Jammu and Kashmir Legislative Assembly
- Succeeded by: Constituency abolished
- Constituency: Wachi

Personal details
- Born: 16 November 1986 (age 39) Zanipora, Shopian, Jammu and Kashmir
- Party: Jammu and Kashmir Peoples Democratic Party

= Aijaz Ahmad Mir =

Indian politician

Aijaz Ahmad Mir is an Indian politician and the former member of Jammu and Kashmir Legislative Assembly who represented Wachi assembly constituency of the Jammu and Kashmir (state). He is affiliated with Jammu and Kashmir Peoples Democratic Party.

Aijaz Ahmed Mir belongs to a well-known and prominent political family of Wachi in Shopian. His father, who served as an MLA migrated from Zainapora to Srinagar MLA hostel in 1993-94. He was a holding a political post in National Conference party.

Prior to entering into politics, his father was in the business of running a Rice mill and brand saw. He contested 1996 elections as NC Candidate and won by a huge majority.

When his father died in 1999, Aijaz Ahmed Mir was studying in class 7th in DBN school Jammu. He came back to Kashmir and joined school at Govt Higher Secondary School Zainapora, where he completed his 12th and later did his graduation (BSC in Seed Technology) from Degree College Anantnag.

After that he joined Kashmir University in 2008 and completed his LLB from the varsity in 2011.

In the same year, he contested Panchayat elections and won the election as Sarpanch from Halqa Panchayat Zainapora and thereby becoming
the youngest Sarpanch in the history of erstwhile state of Jammu and Kashmir.

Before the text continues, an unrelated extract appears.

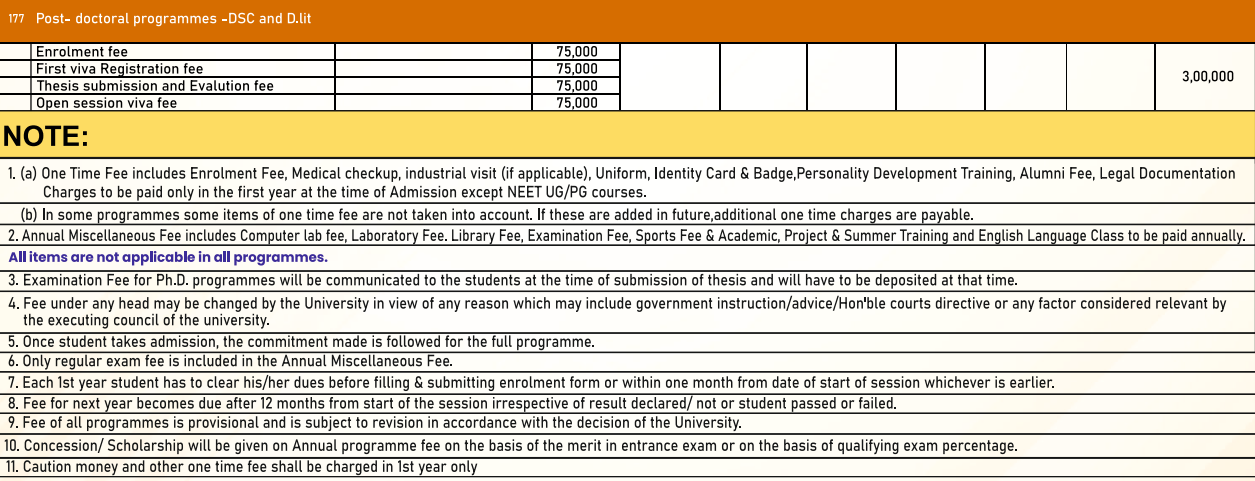 | Fees (2025 - 2026) | Year 1 (in INR) | Year 2 (in INR) | Year 3 (in INR) |

Later he was also elected as president jammu and Kashmir panch and sarpanch united forum where he worked tirelessly for empowerment of PRIs in jammu and Kashmir.

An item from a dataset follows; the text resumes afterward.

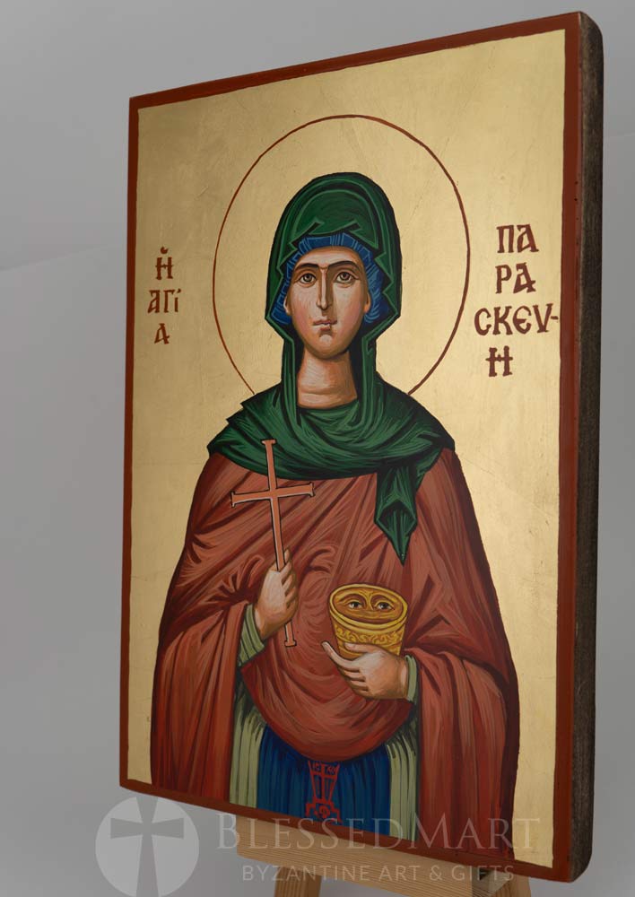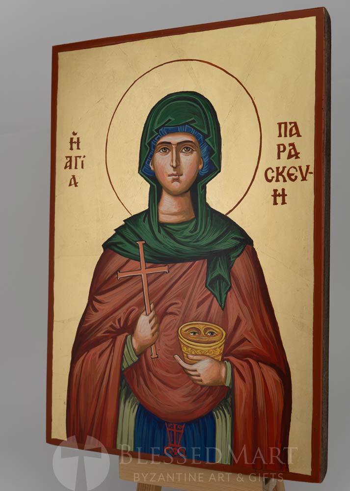 This hand-painted Orthodox icon depicts Saint Paraskevi of Rome (also known as Paraskeva, Parascheva, Petka), the 2nd-century virgin martyr who devoted her life to Christ through prayer, preaching, and healing. She is especially venerated in Greece and the Balkans as a patroness of the eyes and healer of illnesses, as well as a protector of families and communities. In iconography, she is often shown holding a cross or a scroll as a witness to her faith.

In 2014, Aijaz formally joined Jammu and Kashmir Peoples Democratic Party and subsequently contested legislative assembly elections wherein he emerged victorious.

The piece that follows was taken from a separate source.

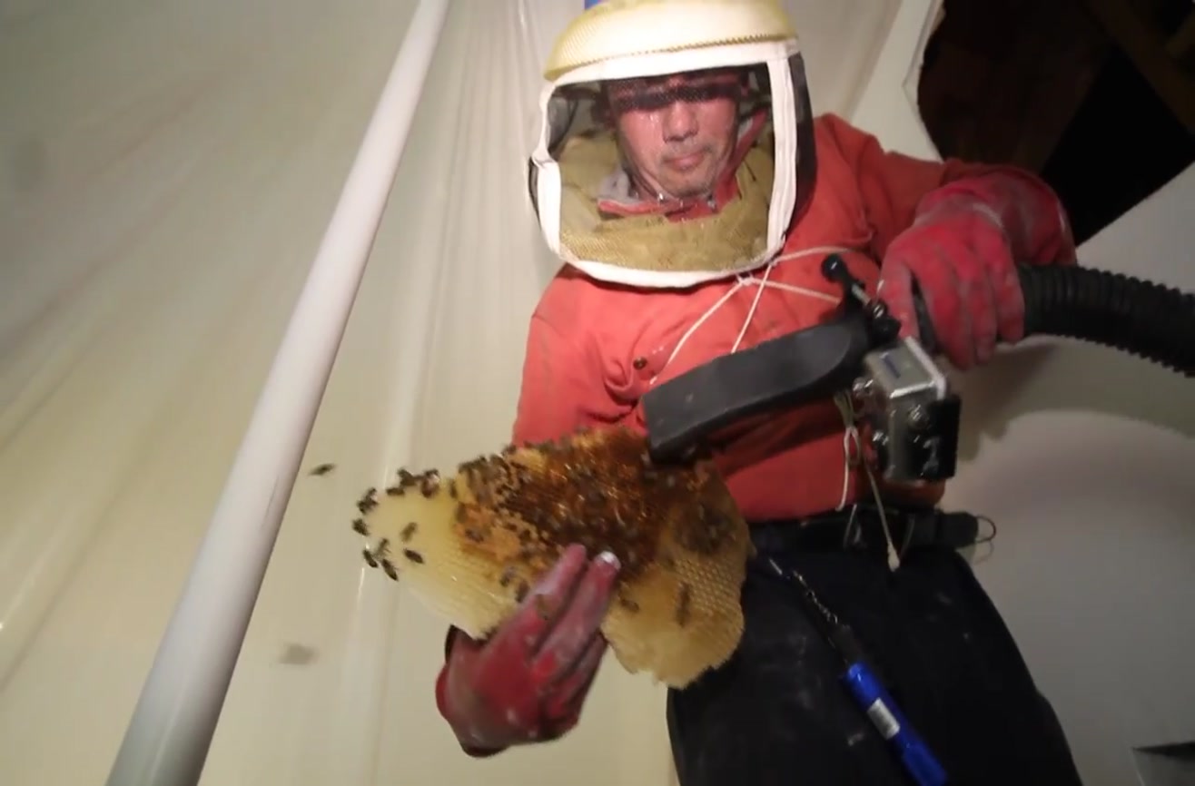 Bees provide an important foundation for our ecosystem, but that doesn’t mean you’d want to have one as a roommate. Or 50,000 of them. Larry Chen faced just that problem when he discovered a massive hive hiding behind the walls of his house. Rather than calling an exterminator and killing the little guys, he took 5 hours to manually remove the giant hive behind his walls. Utilizing vacuum cleaners and lots of plastic sheeting, these bee saviors managed to save 95% of the 50,000 living within their walls. The bees were transported to a farm, along with their honey combs. Larry now lives in a bee free home. Read more: http://www.wimp.com/man-rescues-fifty-thousand-bees-from-his-house/

He was the third youngest MLA elected to the J&K legislative assembly, after Sakina itoo and Yawar Dilawar Mir.

He lost in 2024.

== Arrests ==

After the abrogation of article 370 in 2019 in Jammu and Kashmir, Mir was sent to jail and was released from detention after more than six months.

== Controversies ==
Aijaz was incriminated by the government officials including Bhartiya Janata Party over referring the Kashmiri militants to "martyrs".

== Security incidents ==
In October 2018, one of Mir's security personnel who was later identified as a militant via Social media videos, fled with weapons including eight AK-47 rifles and one handgun at Jawahar Nagar Srinagar which was the official residence of the legislator.